ACTIVITY: Your answer should be the exact lines of the data below from the one containing "The document discusses" through the one containing "Пока запекается фарш, сплести"; please include nothing else.

DATA IN THIS EXERCISE:
BEGIN

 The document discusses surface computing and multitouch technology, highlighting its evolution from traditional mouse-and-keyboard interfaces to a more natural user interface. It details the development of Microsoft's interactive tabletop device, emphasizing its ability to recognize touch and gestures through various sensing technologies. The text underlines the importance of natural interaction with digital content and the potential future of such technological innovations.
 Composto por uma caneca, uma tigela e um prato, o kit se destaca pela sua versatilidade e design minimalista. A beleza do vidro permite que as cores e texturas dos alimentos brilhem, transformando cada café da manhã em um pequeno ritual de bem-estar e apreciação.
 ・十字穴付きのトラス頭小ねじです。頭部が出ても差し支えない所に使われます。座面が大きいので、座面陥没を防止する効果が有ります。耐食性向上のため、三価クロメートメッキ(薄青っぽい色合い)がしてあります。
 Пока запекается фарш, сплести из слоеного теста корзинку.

END
BEGIN

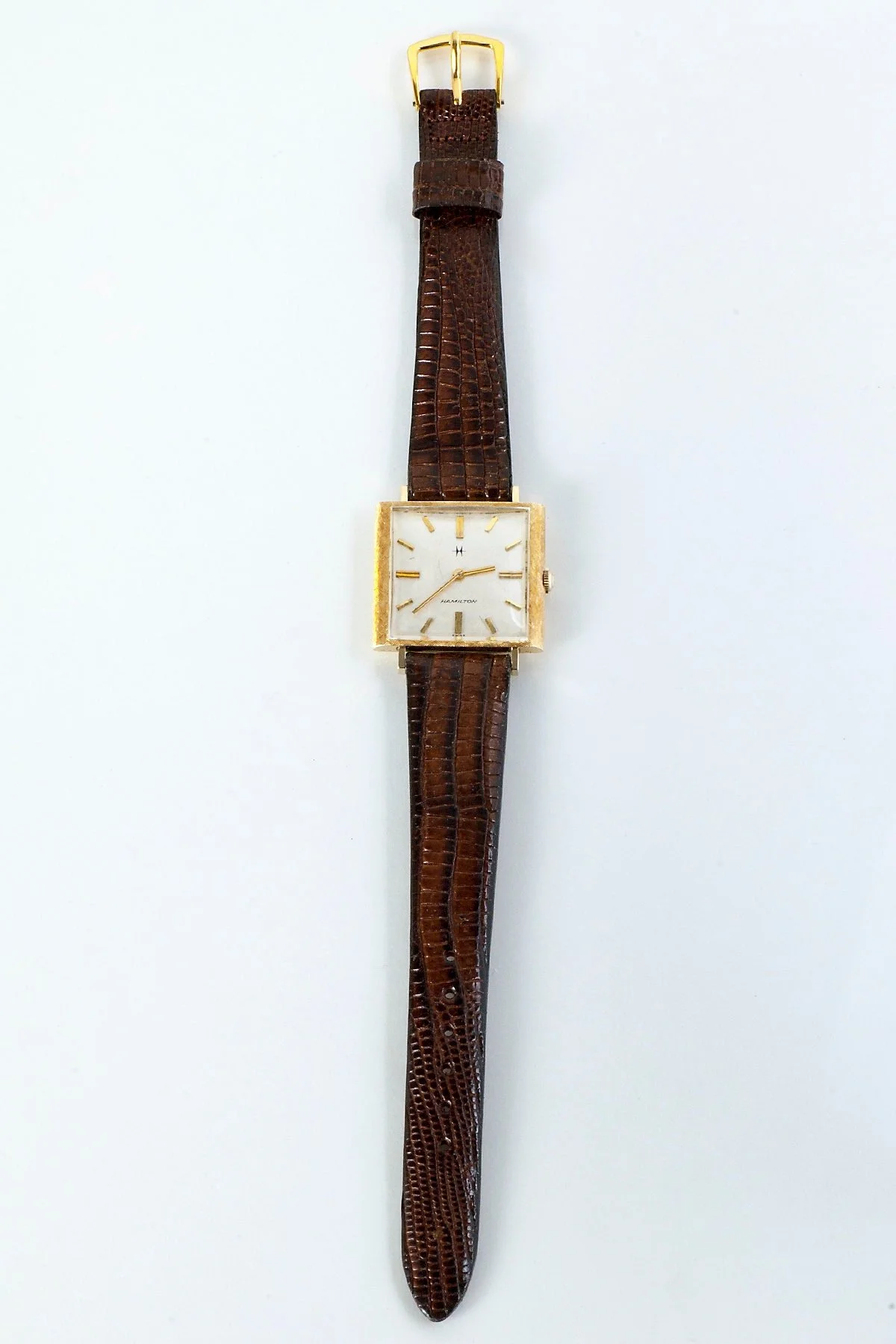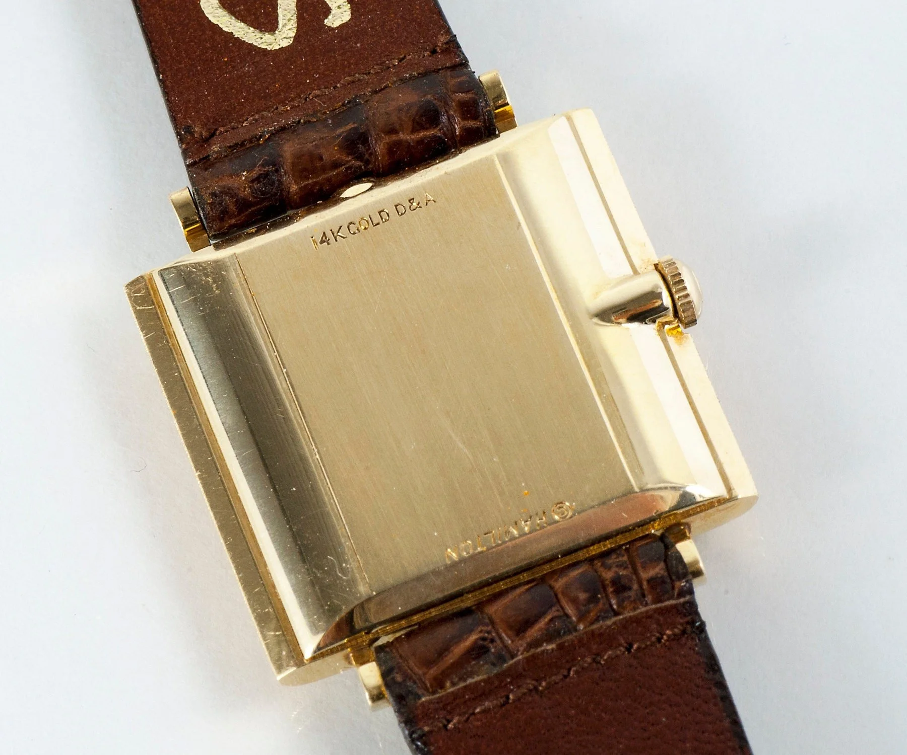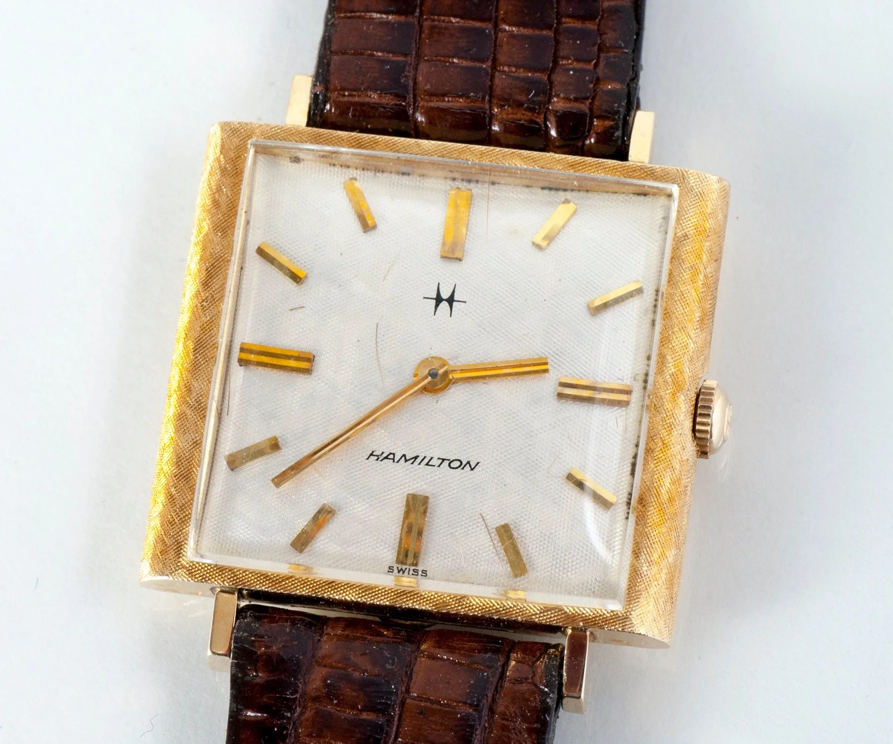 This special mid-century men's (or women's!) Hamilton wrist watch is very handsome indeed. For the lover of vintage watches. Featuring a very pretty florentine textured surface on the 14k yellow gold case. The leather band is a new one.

END
BEGIN

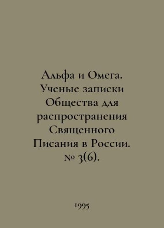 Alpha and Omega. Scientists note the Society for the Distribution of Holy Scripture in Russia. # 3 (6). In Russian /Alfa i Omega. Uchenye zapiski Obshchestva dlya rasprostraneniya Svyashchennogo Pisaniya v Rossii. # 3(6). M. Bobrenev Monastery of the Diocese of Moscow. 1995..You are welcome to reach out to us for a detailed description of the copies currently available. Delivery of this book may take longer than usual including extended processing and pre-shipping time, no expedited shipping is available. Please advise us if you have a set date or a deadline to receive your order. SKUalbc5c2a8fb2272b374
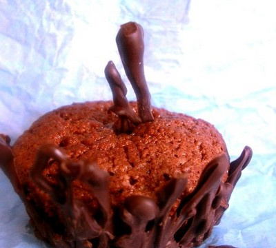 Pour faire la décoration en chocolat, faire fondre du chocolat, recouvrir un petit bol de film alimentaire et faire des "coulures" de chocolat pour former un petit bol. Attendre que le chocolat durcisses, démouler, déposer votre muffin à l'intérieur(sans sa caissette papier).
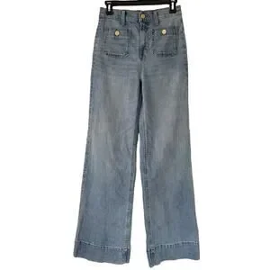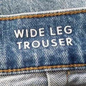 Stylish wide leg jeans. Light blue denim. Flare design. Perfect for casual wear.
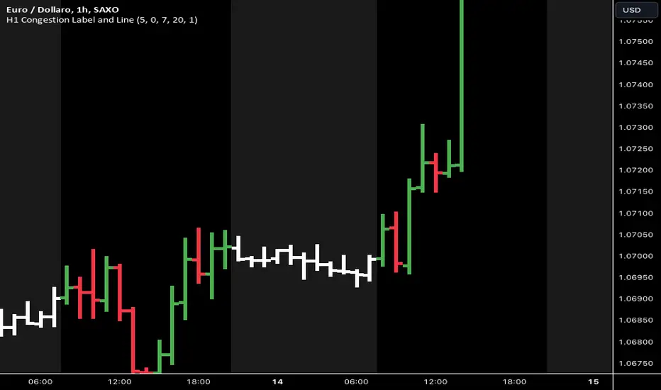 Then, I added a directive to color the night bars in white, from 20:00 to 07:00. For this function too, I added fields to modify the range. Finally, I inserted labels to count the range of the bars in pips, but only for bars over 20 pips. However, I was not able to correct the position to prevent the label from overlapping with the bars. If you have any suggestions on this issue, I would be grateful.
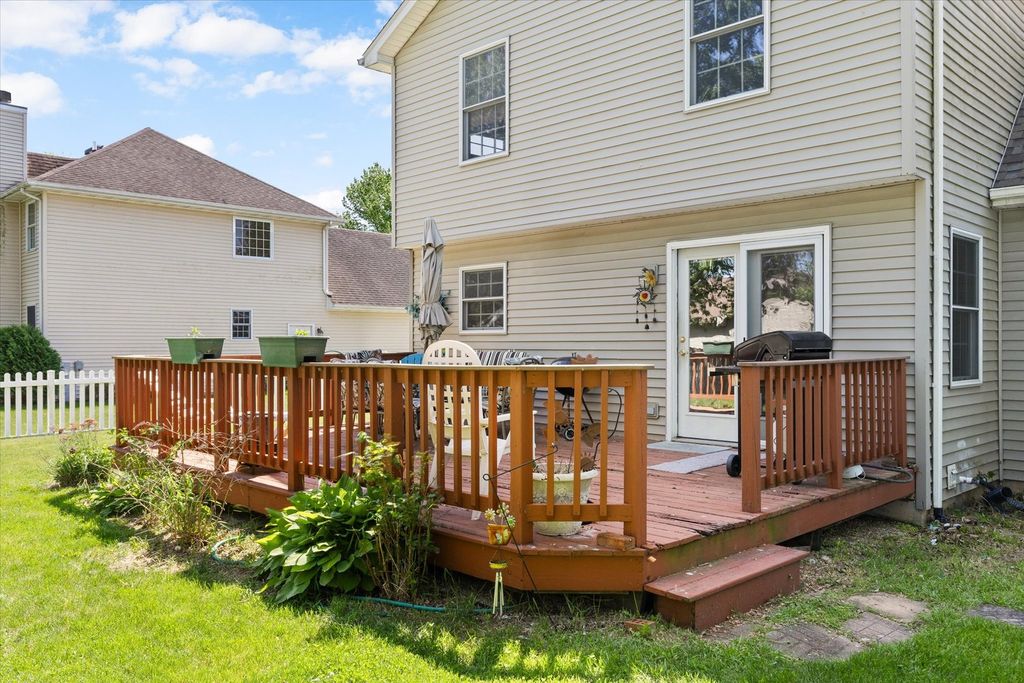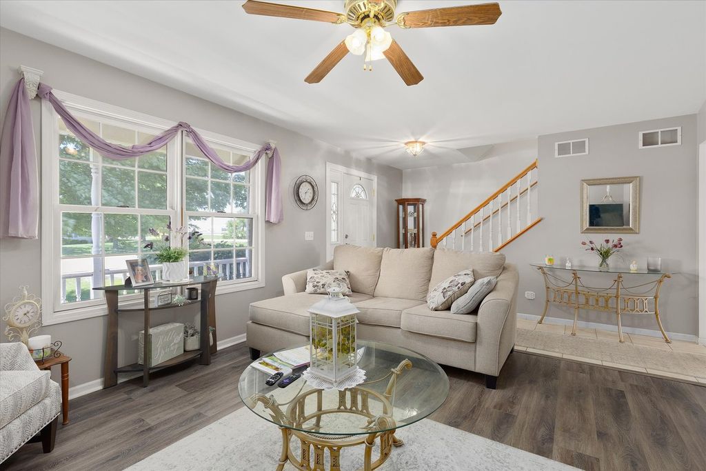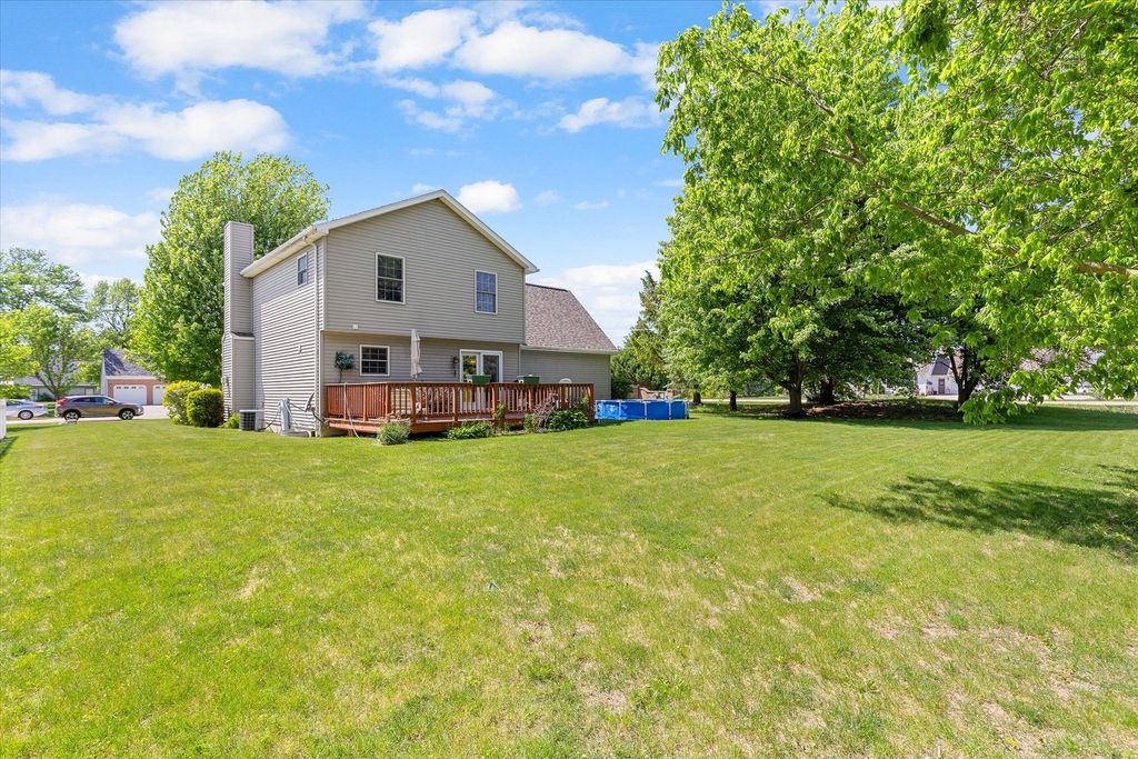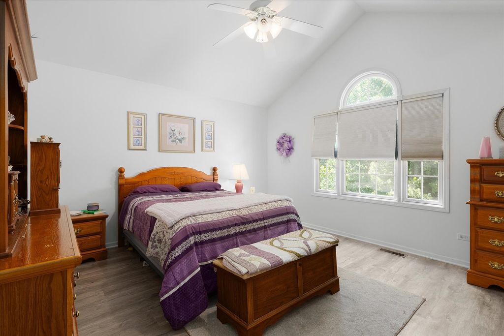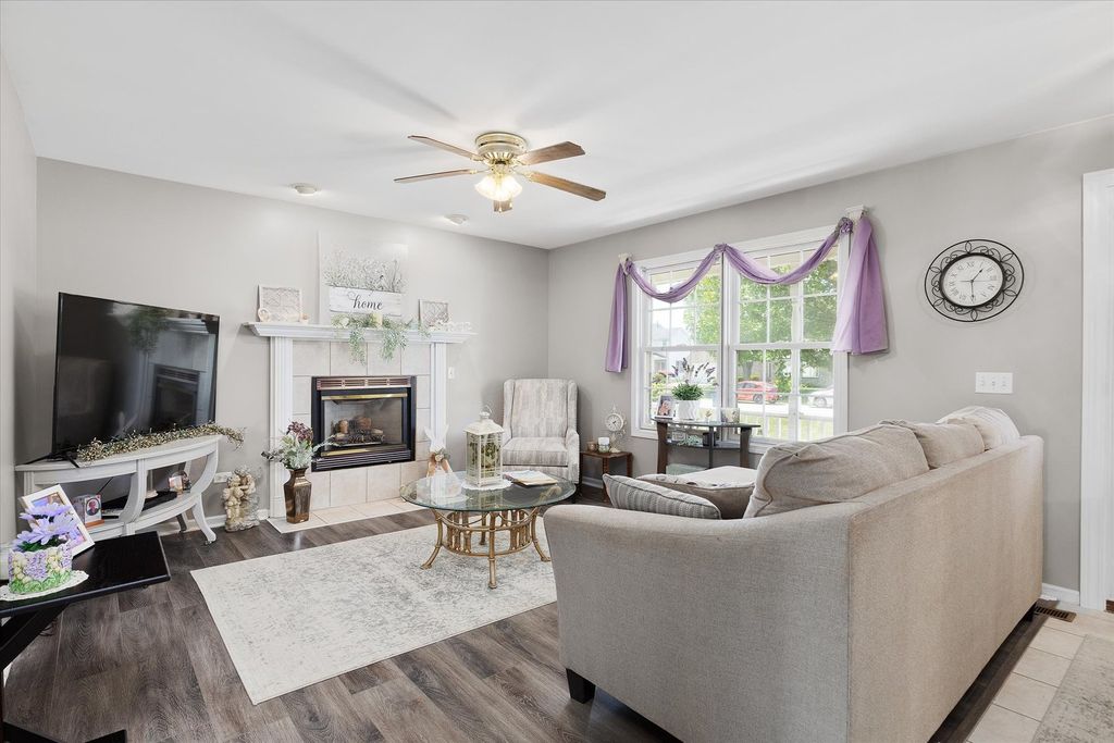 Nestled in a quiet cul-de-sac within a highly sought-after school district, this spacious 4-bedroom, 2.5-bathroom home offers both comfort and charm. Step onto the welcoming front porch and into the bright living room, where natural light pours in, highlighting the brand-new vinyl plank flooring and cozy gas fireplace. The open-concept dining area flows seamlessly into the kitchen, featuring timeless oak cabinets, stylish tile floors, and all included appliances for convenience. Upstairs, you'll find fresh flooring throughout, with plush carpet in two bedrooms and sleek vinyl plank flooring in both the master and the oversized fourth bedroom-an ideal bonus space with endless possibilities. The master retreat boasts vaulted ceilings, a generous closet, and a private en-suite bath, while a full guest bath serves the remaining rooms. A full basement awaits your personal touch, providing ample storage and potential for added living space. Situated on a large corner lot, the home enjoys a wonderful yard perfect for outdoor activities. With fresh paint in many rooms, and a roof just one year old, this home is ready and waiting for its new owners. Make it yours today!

END

RESPONSE BELOW:
 The document discusses surface computing and multitouch technology, highlighting its evolution from traditional mouse-and-keyboard interfaces to a more natural user interface. It details the development of Microsoft's interactive tabletop device, emphasizing its ability to recognize touch and gestures through various sensing technologies. The text underlines the importance of natural interaction with digital content and the potential future of such technological innovations.
 Composto por uma caneca, uma tigela e um prato, o kit se destaca pela sua versatilidade e design minimalista. A beleza do vidro permite que as cores e texturas dos alimentos brilhem, transformando cada café da manhã em um pequeno ritual de bem-estar e apreciação.
 ・十字穴付きのトラス頭小ねじです。頭部が出ても差し支えない所に使われます。座面が大きいので、座面陥没を防止する効果が有ります。耐食性向上のため、三価クロメートメッキ(薄青っぽい色合い)がしてあります。
 Пока запекается фарш, сплести из слоеного теста корзинку.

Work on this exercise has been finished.